Yuma Sun:  When planning for the future, none of us has a crystal ball. We must plan our affairs based on current circumstances while trying to anticipate a whole range of possible future events.

 When a couple sits down to plan what they want to happen after their death, they are trying to anticipate events decades down the road. A couple, each age 50, on average has more than 35 years until the death of the survivor of them. Who 35 years ago could have predicted the way our society would change and how events would occur into the 21st century?

 Of course, we must plan, even though few, if any of us, have the ability to predict events in the years to come. We can plan for unforeseen events by giving discretion to those who will be there when those events occur. We choose someone we trust to make those decisions and to come as close as possible to what we would have done if we were there to make the decision. When we leave our assets in a trust, a “trustee” is given the responsibility of managing those assets and carrying out our wishes. The trustee can be given broad discretion, which he or she can exercise in light of the circumstances which we could not have foreseen.

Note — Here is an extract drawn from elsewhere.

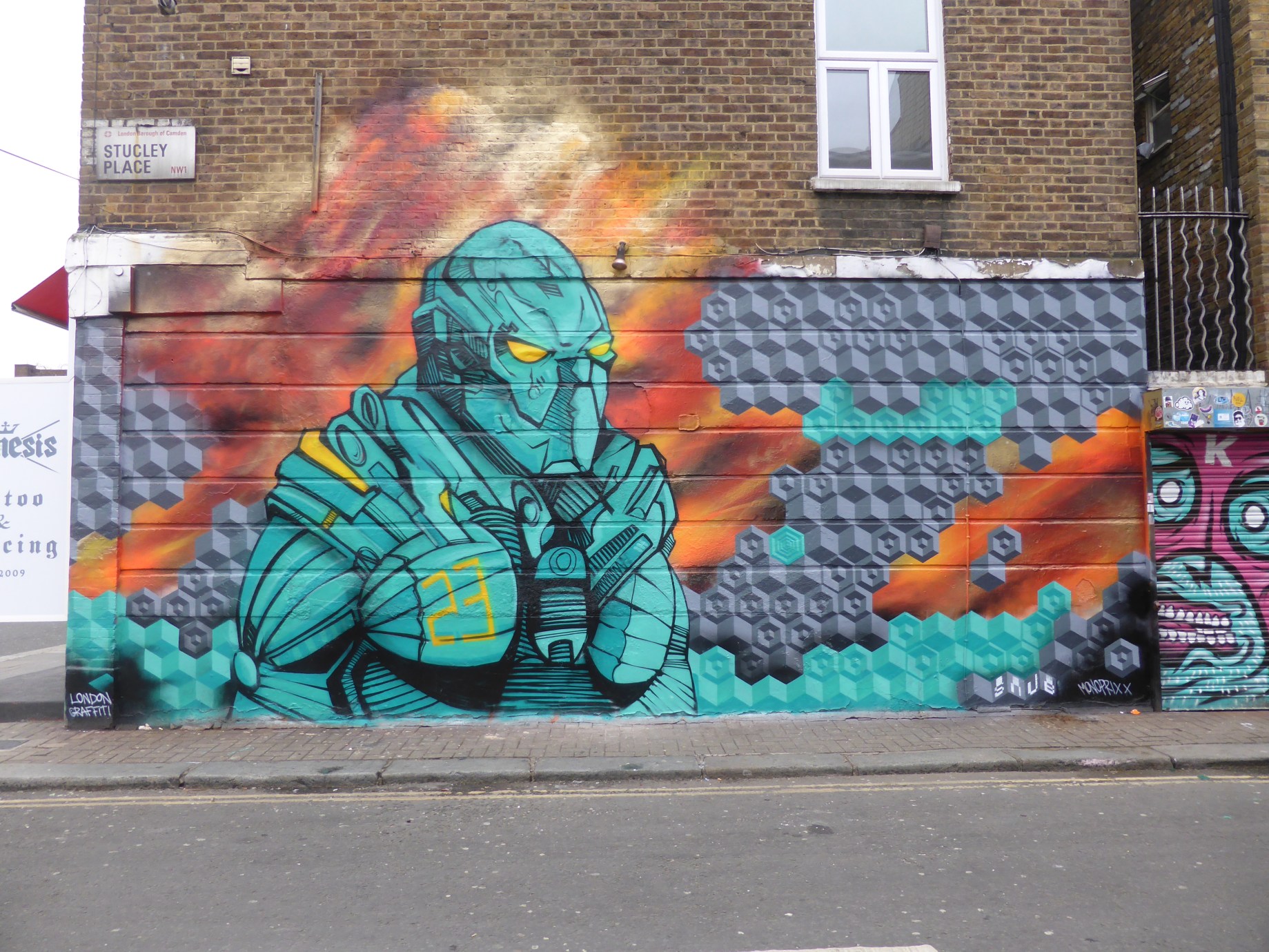 For this work in Camden Town Snub23 worked with a combination of stencil techniques for the industrial block background and freehand techniques for his main character and fiery additions. Snub’s feature character ‘Mongrel’, from the ABC Warriors – from the comic strip 2000ad takes centre stage seemingly bursting through the wall in a scene of hellfire tearing apart the almost mechanic links that form rest of his work, setting to really add a sense of depth and chaos to this wall. This work was put up with support from The Hidden Streets Of London and Monoprixx and adorns the wall of Nemesis Tattoos in Stucley Place, Camden.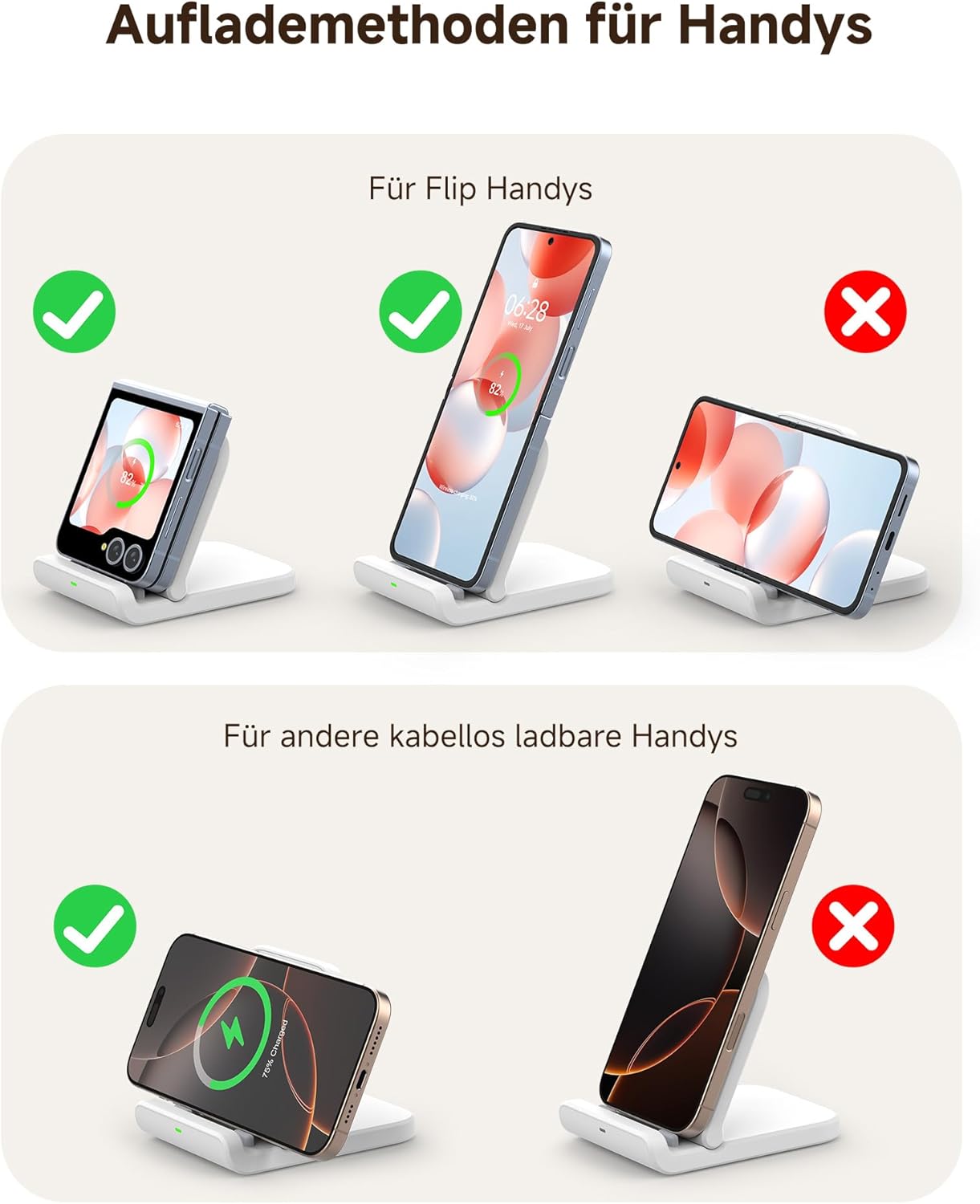 • ПРОФЕСИОНАЛНА ЗАРЯДНА СТАНЦИЯ Z FLIP Насладете се на свободата на безжичното зареждане без досадните заплетени кабели. Напълно съвместима със Samsung Galaxy Z Flip 7/7 FE/6/5/4/3 и Motorola RAZR 60 Ultra/60/50 Ultra/50/40/40 Ultra.

 Sophisticated estate planning attorneys even use a concept called a “trust protector” or “special co-trustee” to add even greater flexibility. A trust protector is an unbiased, unrelated person. He or she should not be the normal trustee and should not be one of the beneficiaries of the trust. He or she is given the authority to exercise powers which might cause a problem if the normal trustee exercised them. For example, if a trust owns life insurance on the life of the normal trustee, the insurance might be taxed to the normal trustee's estate if he or she exercised powers over the policy. This tax problem is avoided by using a trust protector.